## EXTRACTED INFORMATION
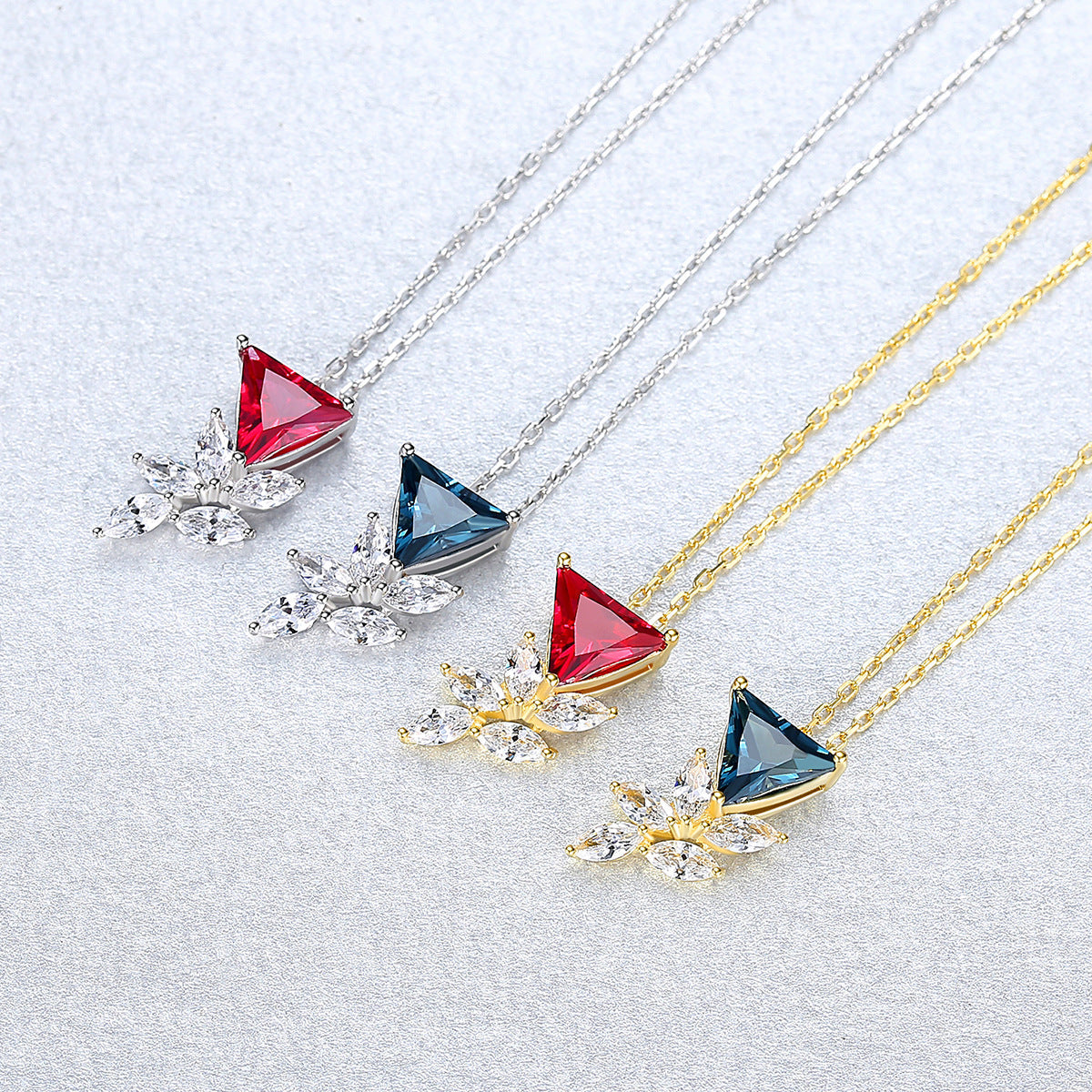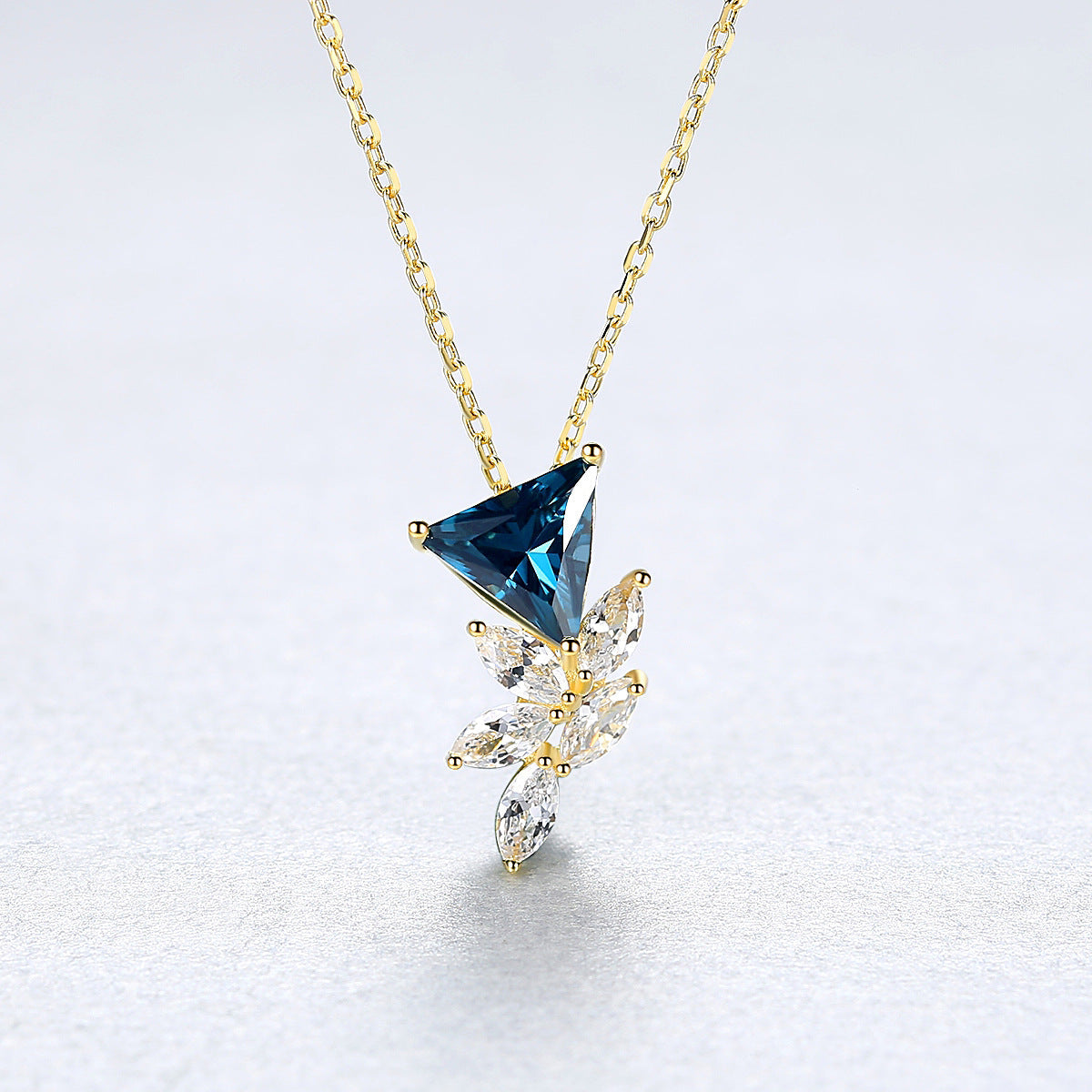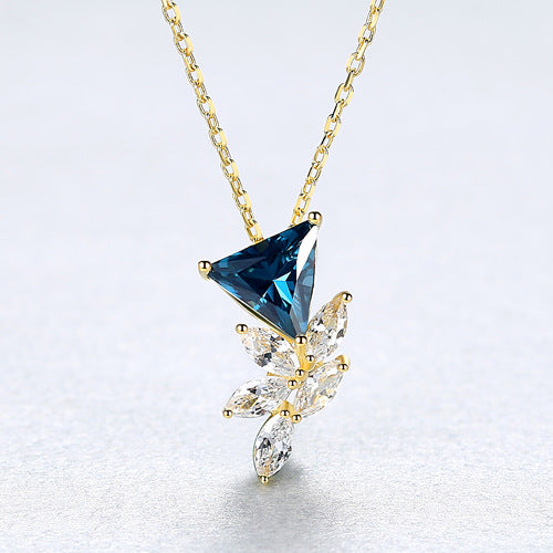 Aetolia 925 Sterling Silver 18K Gold Plated Unique Triangle Gemstone Flower CZ Diamond Pendant Necklace SN0405
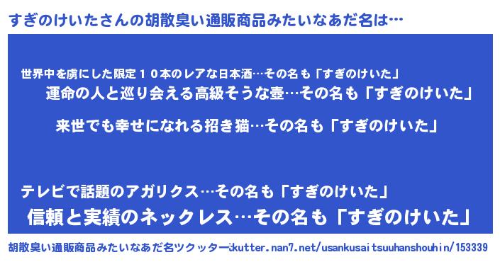 | ヘコむあだ名 | 『すぎのけいた(小並感)』『すぎっ子』 |
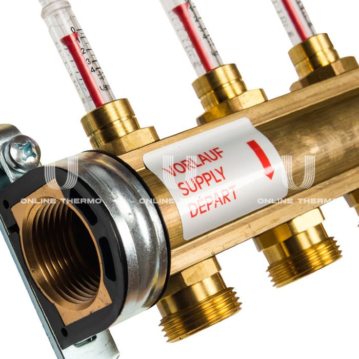 Распределительный коллектор (группа) с расходомерами Watts HKV/T-9 10004203 ВР 1", на 9 контуров 3/4" ЕК, латунь, с концевыми группами
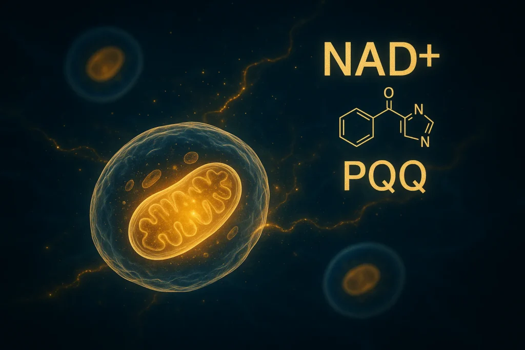 NAD+ (Nicotinamide Adenine Dinucleotide) plays a critical role in cellular metabolism, helping repair DNA and fuel energy processes, while PQQ (Pyrroloquinoline Quinone) encourages mitochondrial biogenesis – building new mitochondria for brain and body.
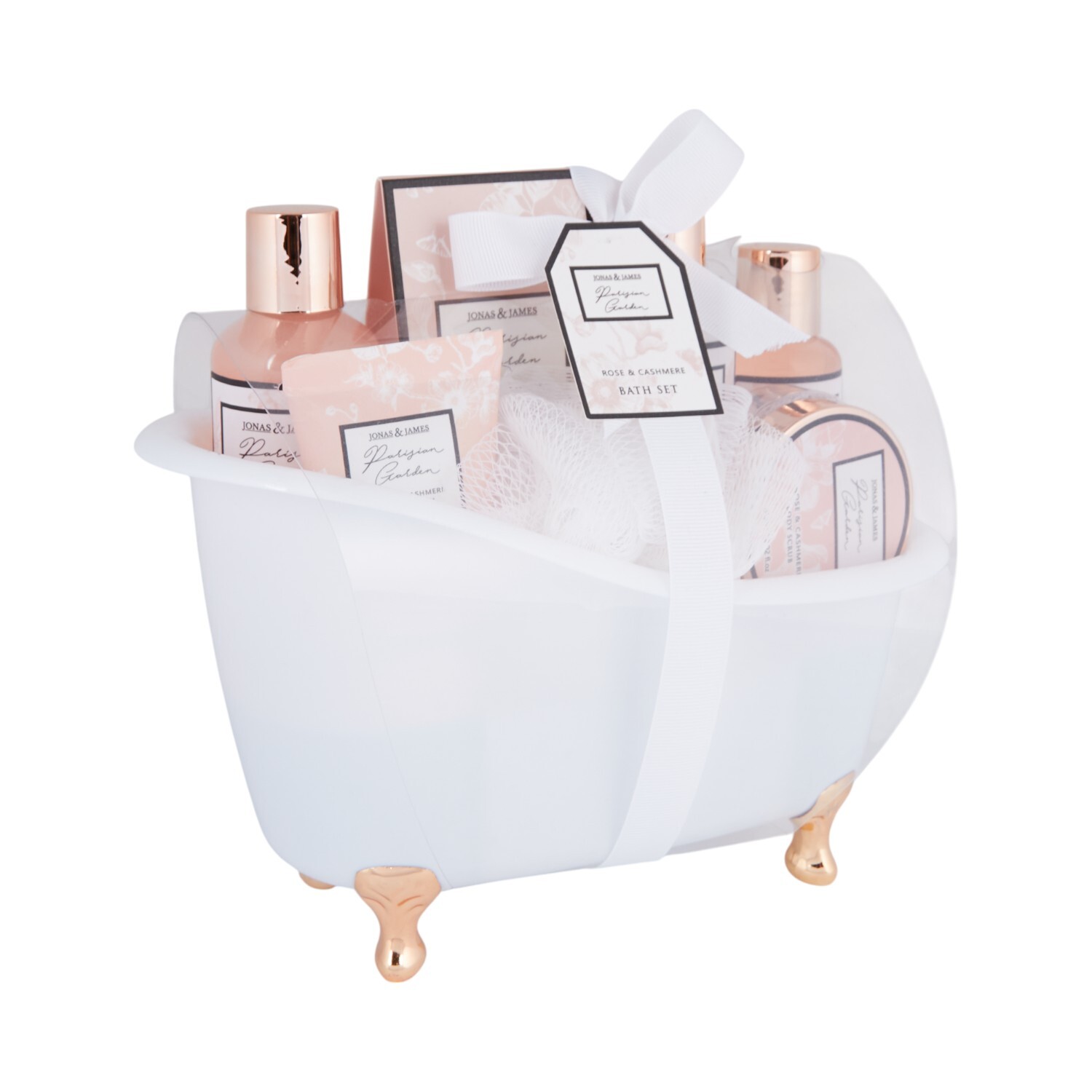 Indulge in a luxurious experience with the Parisian Garden Bath Gift Set. This bath collection is perfect for pampering a loved one or treating yourself. It comes in a charming plastic bathtub, making it perfect for gifting purposes. Ideal for creating a spa-like treatment at home, this set leaves the skin soft, nourished and delicately perfumed. Inside, you'll find a variety of bath essentials infused with notes of rose and cashmere for fancy self-care.
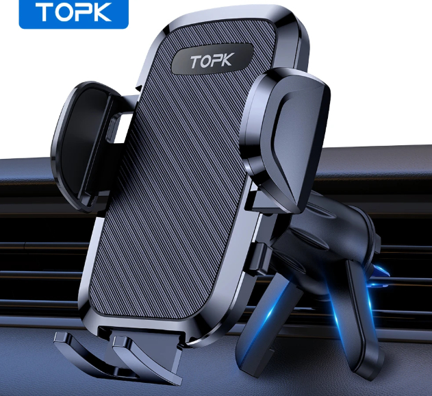 Автомобильный держатель TOPK предназначен для надёжной фиксации смартфона на вентиляционной решётке автомобиля. Гравитационный механизм автоматически зажимает устройство при установке, упрощая использование одной рукой. Конструкция подходит для смартфонов разных размеров и сохраняет устойчивость во время движения.
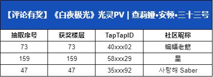 【已开奖】《白夜极光》光灵PV | 查莉娅·安顿·三十三号
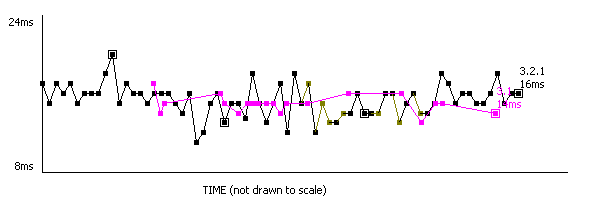Boxed points represent previous releases, milestone builds, current reference and current build.
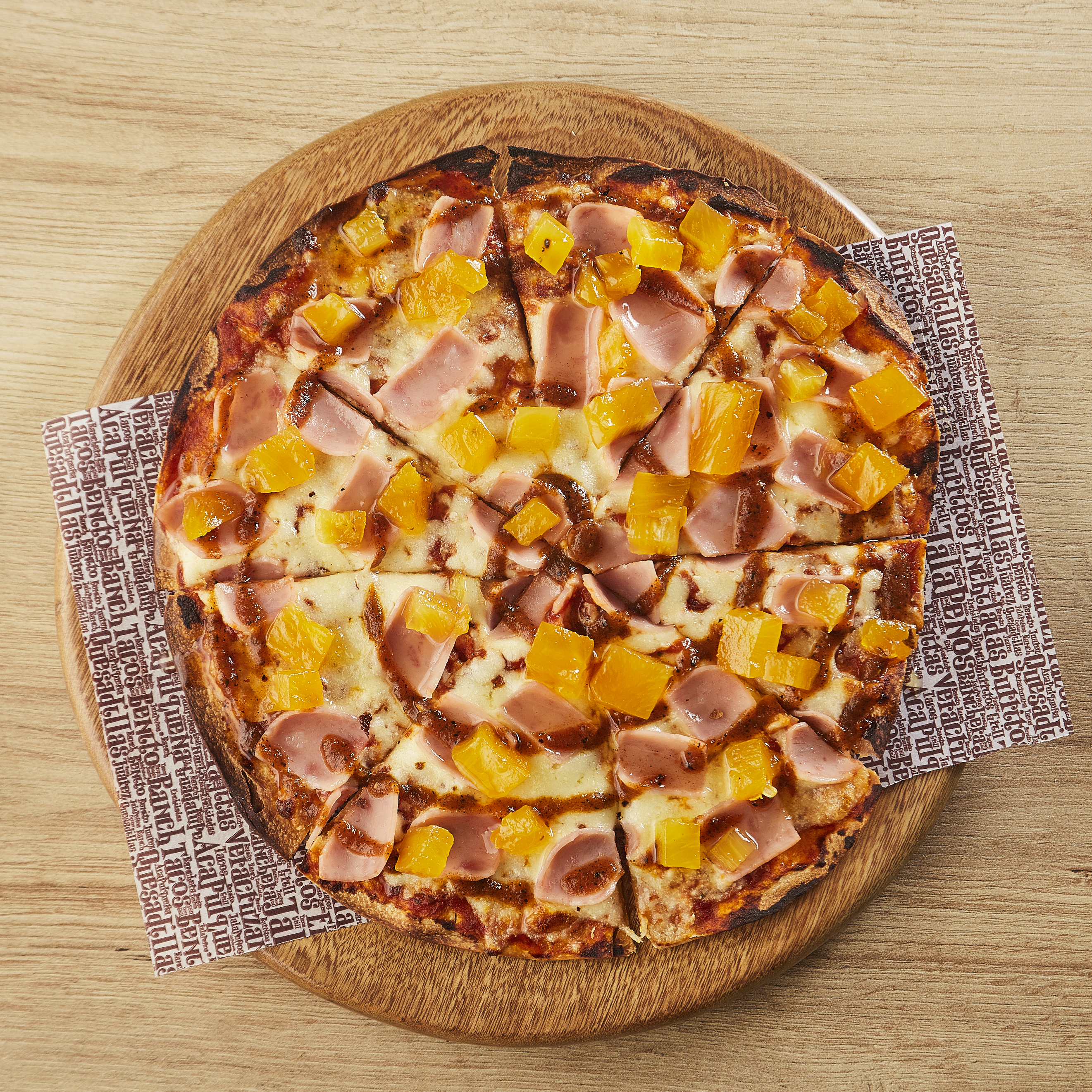 Nuestra exquisita hawaiana con jamón, piña, salsa ranchera y el queso fundido.
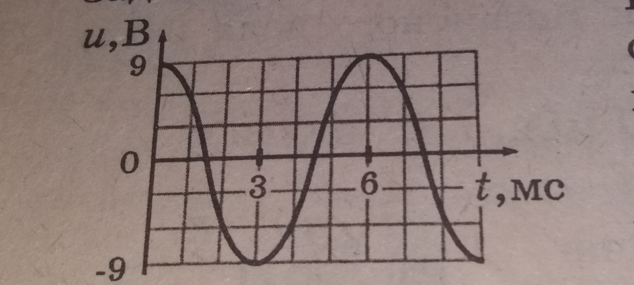 Действующее значение синусоидального (или косинусоидального) напряжения равно U=0,707*Umax=0,707*9=6,363 В.
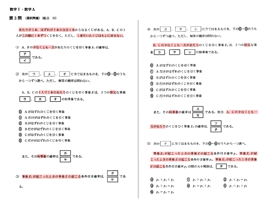 これまでの出題内容や形式とは若干趣が異なったので、特に「排反」に関する問題では面食らった人が多かったかもしれません。ただ何となく確率を求めていた人には完答するのが難しかったと思われます。
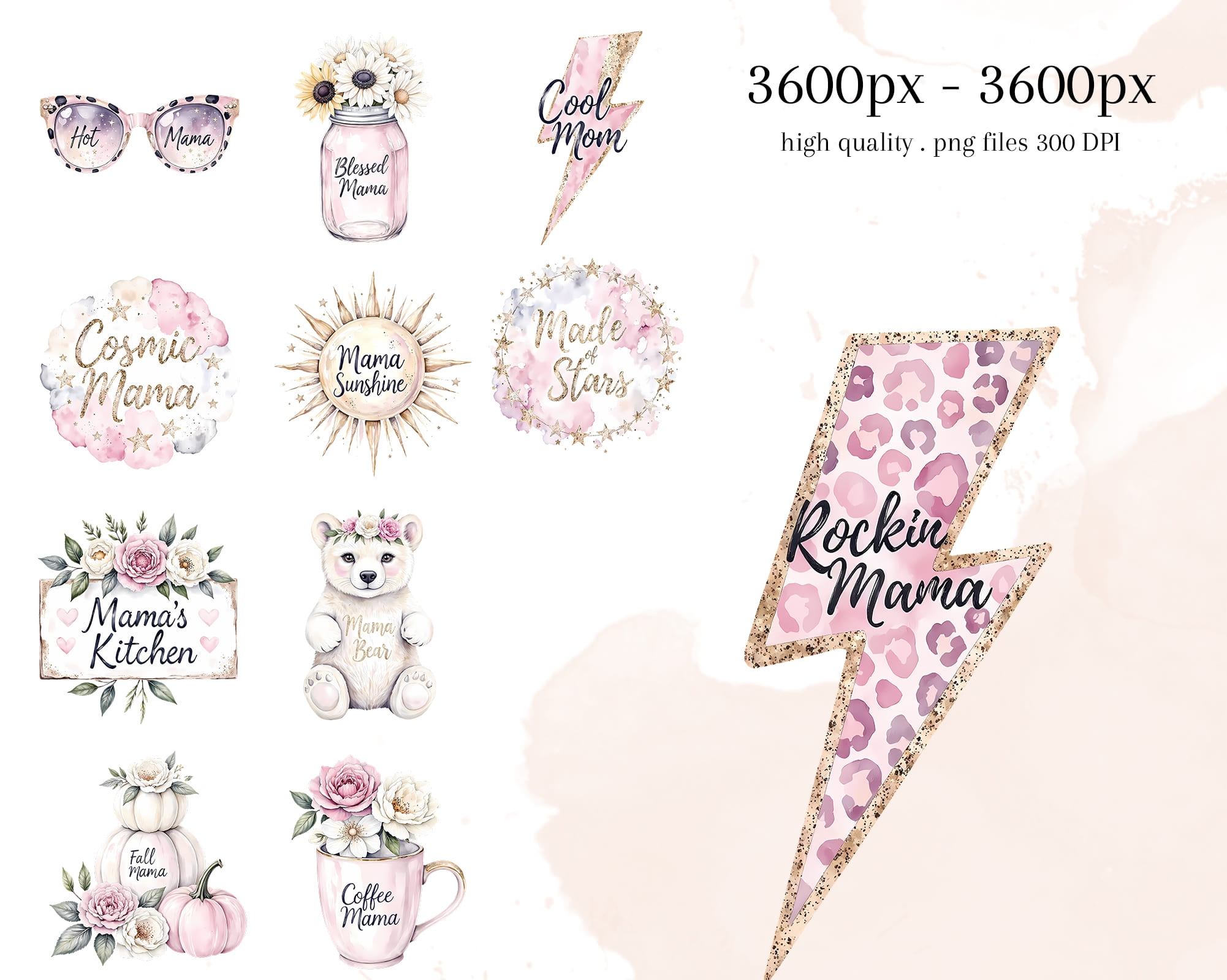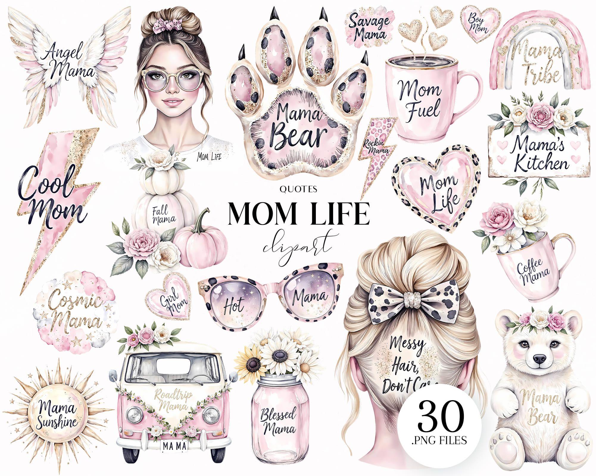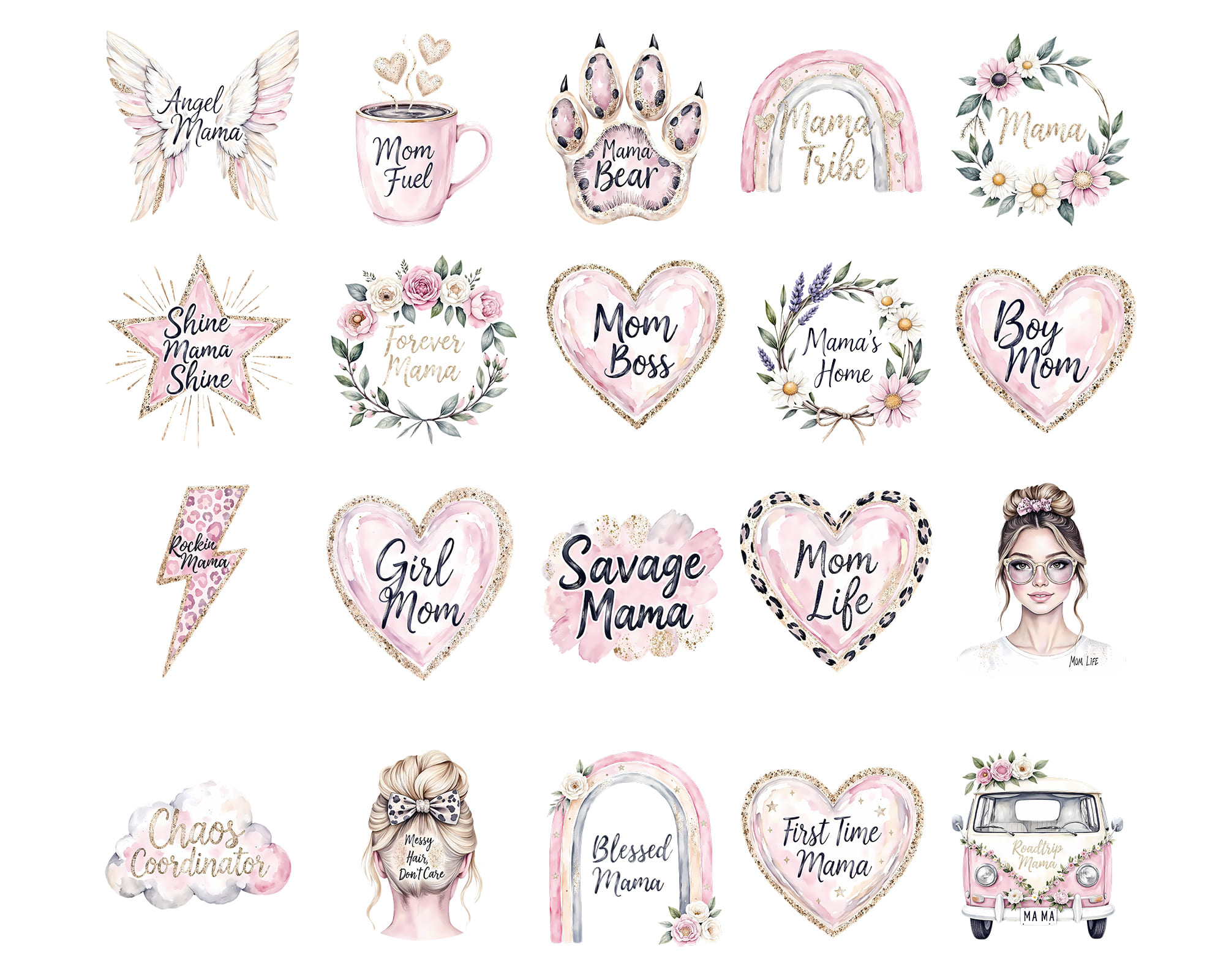 Celebrate motherhood with this pastel Mom Life clipart set! Includes mama bear paw, rainbow, coffee mugs, floral frames, quotes like Mom Boss and Forever Mama. Perfect for Mother’s Day cards, planners, sublimation, scrapbooking, and gifts. Includes 30 PNG files with transparent backgrounds.
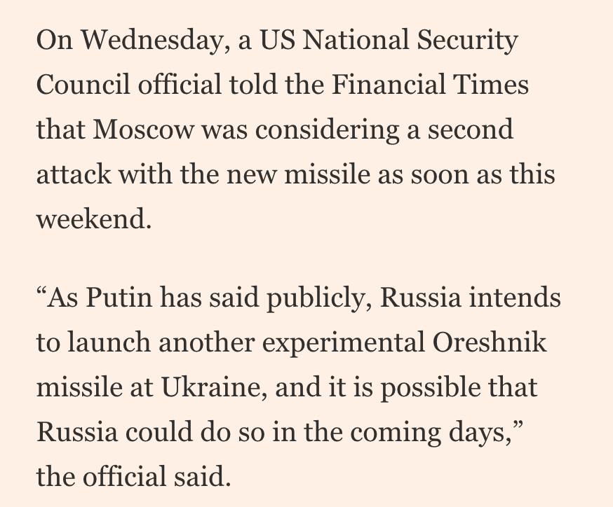 "Как Путин публично заявил, Россия намерена запустить еще одну экспериментальную ракету "Орешник" по Украине, и вполне возможно, что Россия сделает это в ближайшие дни", - заявил источник в среду.

## EXERCISE
Take every entry and repeat it verbatim, minus the pictures.

## WORKED SOLUTION
 Aetolia 925 Sterling Silver 18K Gold Plated Unique Triangle Gemstone Flower CZ Diamond Pendant Necklace SN0405
 | ヘコむあだ名 | 『すぎのけいた(小並感)』『すぎっ子』 |
 Распределительный коллектор (группа) с расходомерами Watts HKV/T-9 10004203 ВР 1", на 9 контуров 3/4" ЕК, латунь, с концевыми группами
 NAD+ (Nicotinamide Adenine Dinucleotide) plays a critical role in cellular metabolism, helping repair DNA and fuel energy processes, while PQQ (Pyrroloquinoline Quinone) encourages mitochondrial biogenesis – building new mitochondria for brain and body.
 Indulge in a luxurious experience with the Parisian Garden Bath Gift Set. This bath collection is perfect for pampering a loved one or treating yourself. It comes in a charming plastic bathtub, making it perfect for gifting purposes. Ideal for creating a spa-like treatment at home, this set leaves the skin soft, nourished and delicately perfumed. Inside, you'll find a variety of bath essentials infused with notes of rose and cashmere for fancy self-care.
 Автомобильный держатель TOPK предназначен для надёжной фиксации смартфона на вентиляционной решётке автомобиля. Гравитационный механизм автоматически зажимает устройство при установке, упрощая использование одной рукой. Конструкция подходит для смартфонов разных размеров и сохраняет устойчивость во время движения.
 【已开奖】《白夜极光》光灵PV | 查莉娅·安顿·三十三号
Boxed points represent previous releases, milestone builds, current reference and current build.
 Nuestra exquisita hawaiana con jamón, piña, salsa ranchera y el queso fundido.
 Действующее значение синусоидального (или косинусоидального) напряжения равно U=0,707*Umax=0,707*9=6,363 В.
 これまでの出題内容や形式とは若干趣が異なったので、特に「排反」に関する問題では面食らった人が多かったかもしれません。ただ何となく確率を求めていた人には完答するのが難しかったと思われます。
 Celebrate motherhood with this pastel Mom Life clipart set! Includes mama bear paw, rainbow, coffee mugs, floral frames, quotes like Mom Boss and Forever Mama. Perfect for Mother’s Day cards, planners, sublimation, scrapbooking, and gifts. Includes 30 PNG files with transparent backgrounds.
 "Как Путин публично заявил, Россия намерена запустить еще одну экспериментальную ракету "Орешник" по Украине, и вполне возможно, что Россия сделает это в ближайшие дни", - заявил источник в среду.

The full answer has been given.